TASK REQUIREMENTS: Write out, exactly and only, the lines that run from the top of the records to the line with "Les grandes tablées du Moulin de l'Hydre". Include both ends; exclude pictures.

(Items listed in a dataset)
● ● ●

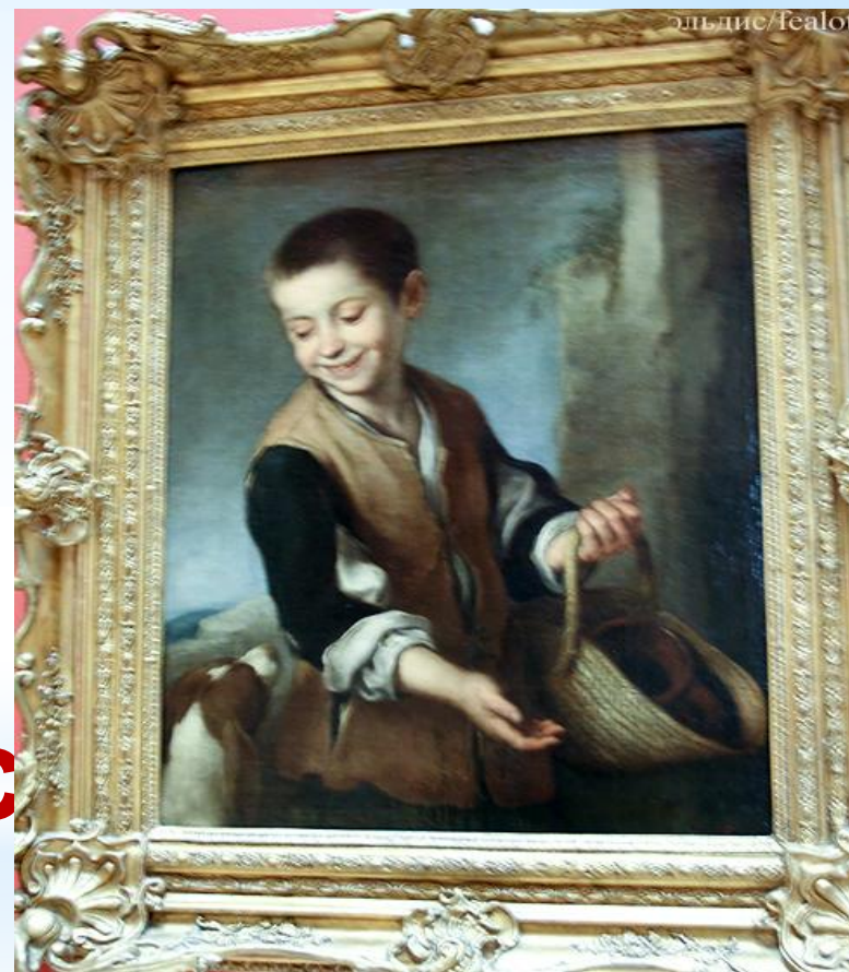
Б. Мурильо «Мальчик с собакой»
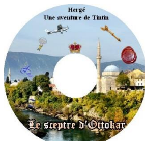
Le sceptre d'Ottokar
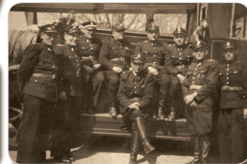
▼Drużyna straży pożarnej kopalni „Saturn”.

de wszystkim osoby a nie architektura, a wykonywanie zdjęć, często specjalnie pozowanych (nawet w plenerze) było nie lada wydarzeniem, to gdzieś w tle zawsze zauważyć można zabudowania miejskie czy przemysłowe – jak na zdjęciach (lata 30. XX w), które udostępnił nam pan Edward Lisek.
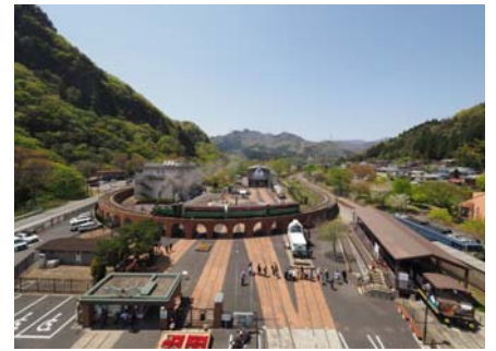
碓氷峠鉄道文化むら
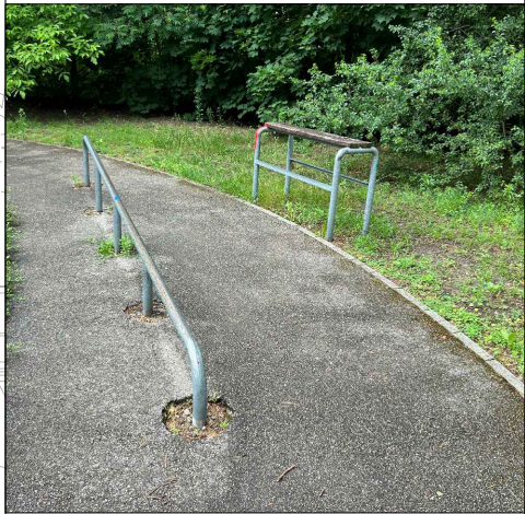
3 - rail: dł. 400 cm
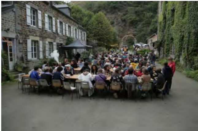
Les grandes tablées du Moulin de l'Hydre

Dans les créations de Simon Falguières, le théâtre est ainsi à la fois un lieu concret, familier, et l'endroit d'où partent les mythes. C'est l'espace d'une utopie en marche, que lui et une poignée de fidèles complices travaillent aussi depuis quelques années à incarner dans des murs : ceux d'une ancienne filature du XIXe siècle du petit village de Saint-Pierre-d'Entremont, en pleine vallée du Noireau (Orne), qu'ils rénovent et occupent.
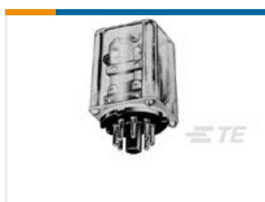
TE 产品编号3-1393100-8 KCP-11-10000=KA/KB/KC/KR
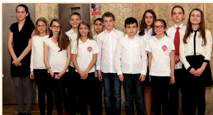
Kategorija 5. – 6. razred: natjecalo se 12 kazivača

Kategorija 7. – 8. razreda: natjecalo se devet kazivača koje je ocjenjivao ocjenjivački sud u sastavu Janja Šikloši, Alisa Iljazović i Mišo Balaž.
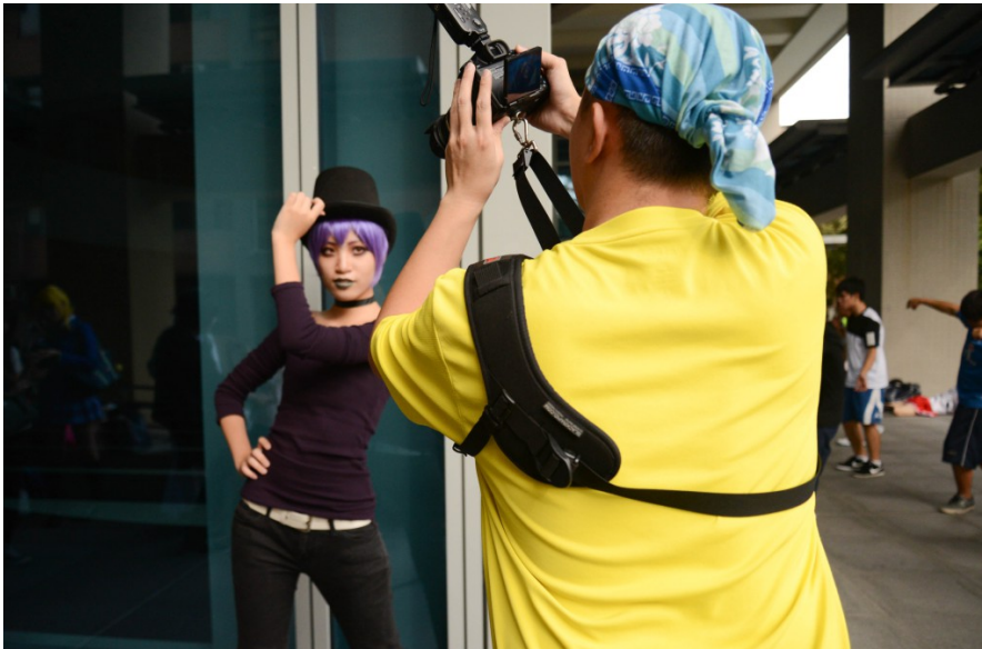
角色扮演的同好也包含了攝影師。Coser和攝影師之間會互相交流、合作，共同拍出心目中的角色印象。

● ● ●

ANSWER SPACE:
Б. Мурильо «Мальчик с собакой»
Le sceptre d'Ottokar
▼Drużyna straży pożarnej kopalni „Saturn”.

de wszystkim osoby a nie architektura, a wykonywanie zdjęć, często specjalnie pozowanych (nawet w plenerze) było nie lada wydarzeniem, to gdzieś w tle zawsze zauważyć można zabudowania miejskie czy przemysłowe – jak na zdjęciach (lata 30. XX w), które udostępnił nam pan Edward Lisek.
碓氷峠鉄道文化むら
3 - rail: dł. 400 cm
Les grandes tablées du Moulin de l'Hydre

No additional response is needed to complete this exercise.